The logical consequence of that kind of assumption was the firm conviction that the UPA
detachments must have come to Poland from Ukraine. There was for the Poles no other
explanation for their presence west of the Rivers Sian and Buh. It was very interesting that this
assumption was accepted independently of the awareness of the very fact that hundreds of
thousands of Ukrainians were forcibly resettled from Poland to the USSR. It is more evident that
there exist many assumptions which develop quite independently from the real facts. As far as
the UPA detachments were concerned, it is true that in the summer 1944 many of them appeared
on the territories of eastern Poland. However, most of those went to their homeland in the east,
while in Poland there remained the local detachments, formed by the Ukrainians living on the
territories incorporated by Poland.
The assumption of an exact borderline between the ethnographic Polish and Ukrainian territories
favored also the falsifications and misrepresentations in the over-all problem of the terror
measures applied against the civilian population.
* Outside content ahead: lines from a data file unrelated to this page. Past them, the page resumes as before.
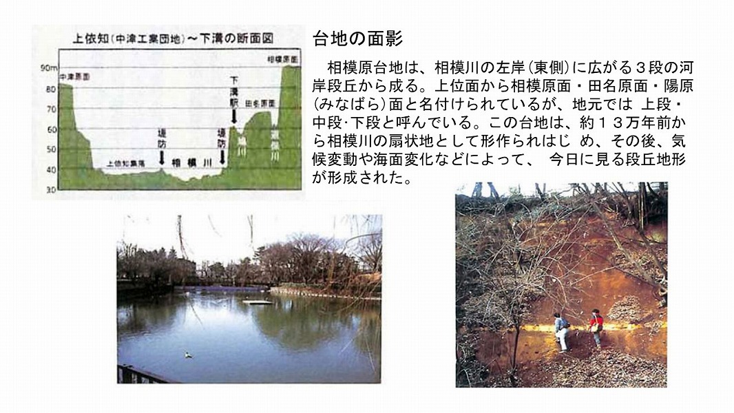 河岸段丘の実感できるポイントは「八景の棚」である。 JRの相模線は、標高30mの相武台下駅から終点橋本駅140mまで河岸段丘を登っていく。
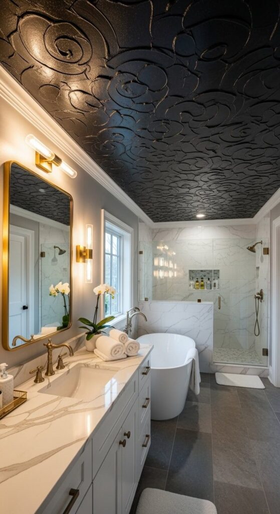 A black ceiling in a bathroom is one of those counterintuitive design choices that sounds wrong on paper and looks absolutely right in practice. Far from making the room feel smaller, a matte black ceiling creates a cocooning, cave-like quality that is surprisingly intimate and luxurious — like being held rather than exposed. Against white walls and white fixtures, it creates a bold graphic contrast that photographs spectacularly.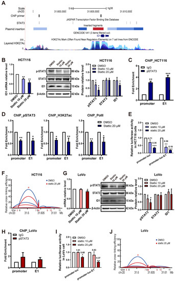 To explore enhancer function in regulating the expression of ID1 and identify the TFs that mediate enhancer activity, we first searched the literature for TFs that regulate ID1 expression, which were then used as candidates to screen for binding to the E1 enhancer region by using Transcription Factor Binding data in the JASPAR 2022 UCSC tracks [24]. Prior reports show that STAT3 up-regulates ID1 expression by binding to the ID1 promoter in the glioblastoma [7]. A JASPAR database search revealed that the enhancer E1 region contains a putative STAT3-binding site (Figure 5A). The active form STAT3 is pSTAT3, which forms STAT3 homodimers and then translocates into the nucleus where it initiates the transcription [25,26] and is generally used for measuring STAT3 transcription regulation activity. Stattic is a non-peptidic small molecule that specifically inhibits STAT3. Stattic dose-dependently inhibited STAT3 phosphorylation (Figure 5B right). In HCT116 cells, ID1 mRNA decreased in parallel with the reduction of pSTAT3 (Figure 5B left). Treatment with 20 µM Stattic for 1 h caused a significant decrease in ID1 protein levels (Figure 5B). Further, we validated the binding of pSTAT3 at the predicted STAT3 binding sites of E1 and ID1 promoter by ChIP-qPCR. The ChIP-qPCR results demonstrated a relative enrichment of pSTAT3 at the ID1 promoter and E1 enhancer region (Figure 5C). When treated with 20 µM Stattic for 1 h, the ID1 promoter and E1 enhancer regions showed decreased enrichment of pSTAT3, H3K27ac and RNA polymerase II (PolII) (Figure 5D). When treated with Stattic at 10 µM, the luciferase activities of promoter-luc-E1 and promoter-luc plasmid decreased 61% and 29%, respectively; when treated with 20 µM Stattic, the luciferase activities of promoter-luc-E1 and promoter-luc plasmid decreased 81% and 65%, respectively (Figure 5E). This result shows that the luciferase activity of the promoter-luc-E1 plasmid is more sensitive to the decrease of pSTAT3 than the promoter-luc plasmid, suggesting that STAT3 can influence ID1 promoter activity by regulating E1 enhancer activity. In addition, the 3C assay showed that ID1 promoter/E1 looping is decreased by Stattic treatment (Figure 5F). These results indicate that, besides direct regulation by binding to the ID1 promoter, STAT3 regulates the expression of ID1, probably by increasing the chromatin looping frequency between the ID1 promoter and E1 enhancer, as well as the activated state of the ID1 promoter and E1 enhancer chromatin.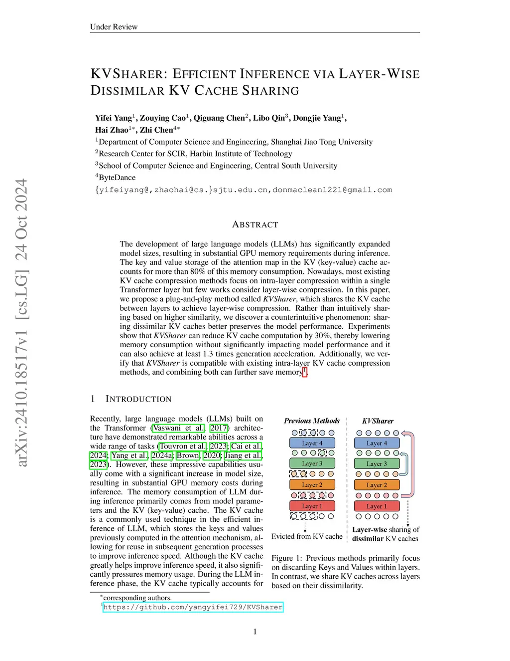 KVSharer: Efficient Inference via Layer-Wise Dissimilar KV Cache Sharing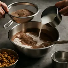 Do miski z mokrymi składnikami dodawaj na przemian przesiane suche składniki i mleko: najpierw 1/3 suchych składników, wymieszaj delikatnie szpatułką lub mikserem na najniższych obrotach przez ~15 sekund, potem 1/2 mleka, potem znów sucha część — powtarzaj, kończąc suchymi składnikami. Mieszaj tylko do połączenia; masa powinna być gładka i lekko gęsta, nie przesadzaj z miksowaniem.

Most authors ignored the fact of the Polish
terror used against the Ukrainian population, while at the same time they were writing about the
UPA terror, applied against the Poles until 1944, suggesting that its scale could have been
compared with the tragedies in Volyn and Galicia in the earlier years (during the German
occupation, -ed.). Whenever, however, any examples were quoted related to the said operation
in the vast majority of them, a few or up to twenty people were killed in a given situation. The
most publicized "crime" of the UPA soldiers at that time, the so-called massacre in Bilhorod which took 42 lives from a beforehand prepared list, took place still at the time of the moving
front lines, when the area was still a "no man's land". Other much publicized massacres in Bieszczady, in the villages of Podkalishche, Seredne and others, took place during the German
occupation. From among the authors in Poland who referred to the Polish terrorism against the
Ukrainian population only A. Szczesniak and W. Szota mentioned in their monograph "Droga do Nikad" (The Way to Nowhere) the attacks on Piskorovytsi, Pavlokoma and Verkhovyna, as well as, W. Nowacki in his essay "Organization and activity of the Interior Military in August 1944 - May 1945" in the work "About the Struggles against the Armed Underground 1944-1947". The latter simply elaborated on the cruelties of the Polish military (and not only of the Interior Military WW) by the application of collective responsibility. He also related that during the said period of the
military activities the punitive operations were directed against the village population and not
against the Ukrainian insurgents. Furthermore, he also related about the Soviet NKVD military
units in the campaign against the Ukrainian underground in Poland. Nowacki pointed out that in
the said time period in the Riashiv (Rzeszow) district: "There were about 1000 people, UPA
insurgents and civilian villagers, killed in the battles and retreats. The number is rather high and
it reflected the forms of the carried-out operations. Polish losses amounted to 18 killed". The
numbers as quoted seem to be understated. It must be underscored here that the number of killed
Ukrainians referred only to those killed by the government units.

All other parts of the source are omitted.